Live: Filled With Love. Man Without Country, Scala.

Sunday, 1st April will never more be regarded as "any given Sunday". For it demarcates the date of decease of Gritpop's one and only (Viva) Brother (R.I.P. etc.). Consequently on today of all days, during this dolorous period of all-pervasive glumness autopsy urges a necessity to come to terms with the dichotomy between contemporary and merely temporary and even through this thick fug of grief such evaluation must be applied too to South Wales-based electropopsters Man Without Country, who tonight support crafty Swedes I Break Horses.

If the two may seem rather ill-suited adjudged purely on recorded content, the trio of Celtic nation – who claim to discern "a sense of not belonging" – really are at the races within a live context, thus acquiring such sense in this space.
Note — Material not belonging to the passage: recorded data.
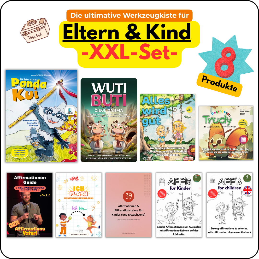 Viele starten mit dem XXL‑Set und erweitern später – zum Beispiel mit meinen Affirmationsliedern oder mit meinem Elternkurs.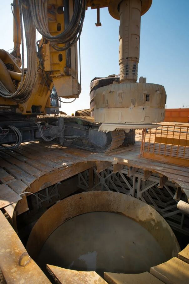 黄茅海大桥中塔主墩高约263米,最大直径达20米,为确保桥梁的承载能力和结构需要,设计了40根群桩基础,直径3米。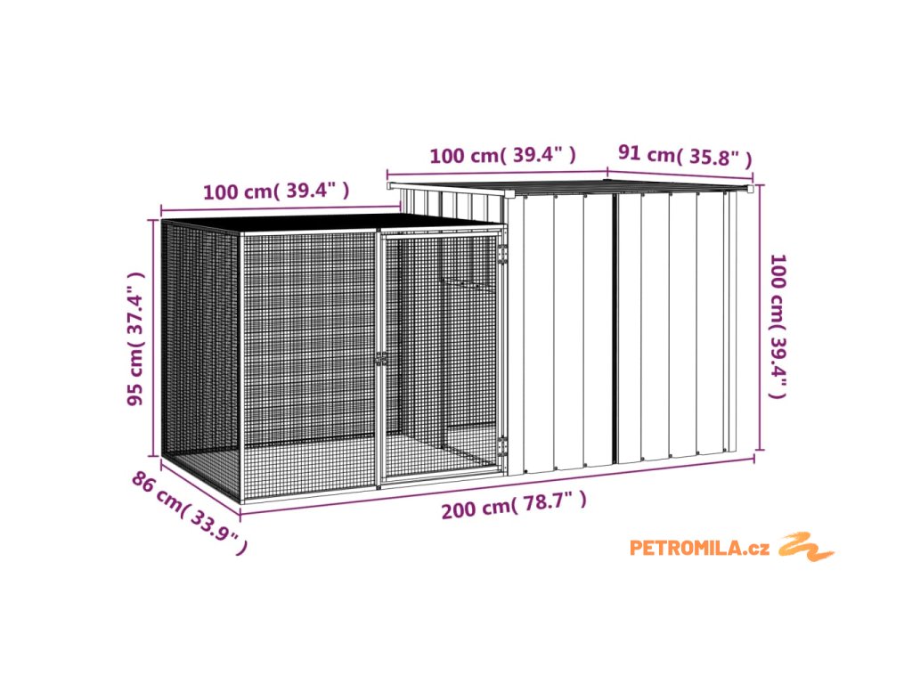 Klec pro králíky šedá 200 x 91 x 100 cm pozinkovaná ocel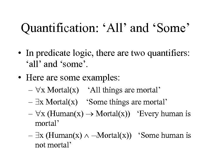 Quantification: ‘All’ and ‘Some’ • In predicate logic, there are two quantifiers: ‘all’ and ‘some’. • Here are some examples: – x Mortal(x) ‘All things are mortal’ – x Mortal(x) ‘Some things are mortal’ – x (Human(x) Mortal(x)) ‘Every human is mortal’ – x (Human(x) Mortal(x)) ‘Some human is not mortal’
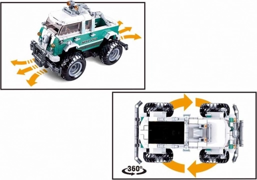 Monstruózus szórakozás 8 éves kortól: építsd meg a zöld‑fehér monster SUV‑ot feltűnő gumiabroncsokkal és részletgazdag off‑road megjelenéssel. A 2,4 GHz‑es RC irányító megbízható, zavarmentes vezérlést biztosít – könnyedén veszed az akadálypályát és bemutatod a 360°‑os fordulatokat. Más márkák készleteivel való kompatibilitásnak köszönhetően saját ötleteiddel bővítheted a modellt.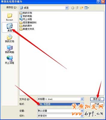 6.點擊存儲,出來一個對話框,存在桌面,格式一定要為HTML和圖像

If the likes of Iceberg and Ebb & Flow come across a little like flimsy indie types Delphic and Fenech-Soler from the comfort of sofa, amidst strobe-lit delirium they're in turn comforting in their cushioning warmth. No mean feat, given their overwhelmingly monumental stature. The roisterous arpeggiations of Inflammable Heart come across a little big and pink all over, lead vocalist Ryan James acquiescing to one audience member's insistent demand for incessant FX overload whilst an abridged take on Björk's All Is Full Of Love becomes almost unnecessarily oppressive, James losing it and hurtling head about as if attempting to dislodge the thing from nervous system. It's agitation-inducing and a wonder his specs remain clasped to his forehead. Said cover is to feature on the flipside to forthcoming single Puppets which, perhaps expectedly, contains the one hook that clasps onto Velcro-like memory even once they're tonight long gone. It's like an adrenaline-fuelled Tycho sprinting away from lethal drum bludgeon and it's darn invigorating. And irrespective of an excessively electro, Van She-ish outro you'd propose the end for Man Without Country to be anything but nigh...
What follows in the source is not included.